There is, too, the little matter of Manchester being – along with Birmingham – the largest of the English cities outside of London. Its citizens – who, therefore, continue to form the core of those who follow United and its cross-city rivals Man City – have always been better off economically than the “poor” working class Scousers who made their living on the docks by the River Mersey.

In fact, in the seventies, when jobs on the docks started to dry up when the City of Liverpool’s reputation as an international port began to wane, football was all the Scousers could turn to for solace. Whatever United fans thought of themselves as being followers of England’s most glamorous club, they surely did not have the silverware to back up their claims.

In fact, the closest Liverpool FC rival in terms of number of league titles won was London’s Arsenal FC. Across town, Everton were the poor relations who made their emotions felt whenever they squared up to Liverpool in the local derbies. United? Just another game of the season…

By 1977, Liverpool was really becoming the toast of not only England but also the rest of Europe. Winning the league and FA Cup double was difficult enough – only 4 clubs had actually done so since the nineteenth century – but by the spring of this year, Liverpool was closing in not only on the double but was also in the finals of the European Cup.
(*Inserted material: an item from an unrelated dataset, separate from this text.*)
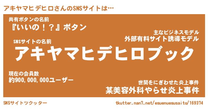 | ツイッター | アキヤマヒデヒロさんのツイッターID『dendenmushi_kun』 |

The majority of Liverpool fans – along with many neutrals – were, naturally, excited by the prospect of an English club winning the “treble” for the first time ever!

By late April, the league title was already in the bag. Liverpool then headed off to Wembley for the FA Cup Final against – you guessed it – Manchester United. This was a rather touchy season for Liverpool. It was blazing a trail few clubs – at least, in those days – could ever hope to emulate; but fans of the club also knew this was the last season they would ever see superstar Kevin Keegan in the famous all-red of Liverpool. Everyone wanted the treble!
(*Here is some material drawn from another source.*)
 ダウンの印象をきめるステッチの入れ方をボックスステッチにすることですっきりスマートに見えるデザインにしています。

At the end of 90 minutes of FA Cup Final football, though, Liverpool captain Emlyn Hughes was in tears after United cheekily won, 2-1. The dream of the treble was – at least, for that season – no more. If there ever was a season for Liverpool fans to start hating United, it was this one!

If it was any consolation, Liverpool shook off the disappointment from missing out on the FA Cup by beating German side Borussia Monchengladbach, 3-1, in the finals of the European Cup in Rome a few days later. By doing so, Liverpool became – ironically – only the second English club side after Manchester United to have won the most coveted of European trophies.
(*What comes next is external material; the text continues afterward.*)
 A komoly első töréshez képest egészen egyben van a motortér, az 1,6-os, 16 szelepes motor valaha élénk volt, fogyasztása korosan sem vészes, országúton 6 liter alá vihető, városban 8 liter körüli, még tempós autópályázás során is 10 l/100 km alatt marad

In the succeeding years, United continued to be no more than a minor irritant to Liverpool even after that classic FA Cup loss. In fact, Liverpool’s attention was more focused on the brewing rivalry with this little club Nottingham Forest – then managed by Brian Clough – which had the utter gall to pry the European Cup away for two successive seasons from Liverpool’s fingers.

In the eighties, despite doomsday predictions that its successes – started by the legendary Bill Shankly in the sixties – would eventually end, Liverpool continued to be the dominant force in English football. Strange as it may sound, even though Liverpool continued to collect silverware after silverware, few games against United went in Liverpool’s favor.

Liverpool fans were philosophical – if irritated – by the games lost to United. It was, like, “Let them win the games; we collect the trophies.” Each loss – or frustrating draw – made the next encounter with United all the more anticipated; if just so Liverpool could even things up between the two clubs.

The rivalry really started to turn sour when the Ferguson era – in the nineties – began to reap trophy after trophy for United. That the Manchester United era began after three decades of Liverpool preponderance and coincided with utter barrenness was too bitter a pill to swallow for many a Liverpool supporter. Not that many Liverpool fans will openly admit it; but the truth of the matter is that the rivalry is so much more bitter on the side of the Mersey.

My guess is that many Liverpool fans feel that United continues to keep its fingers firmly clasped on what they regard as something that belongs to them; and every United success fuels the already volatile frustration from waiting for the pendulum to swing back their way.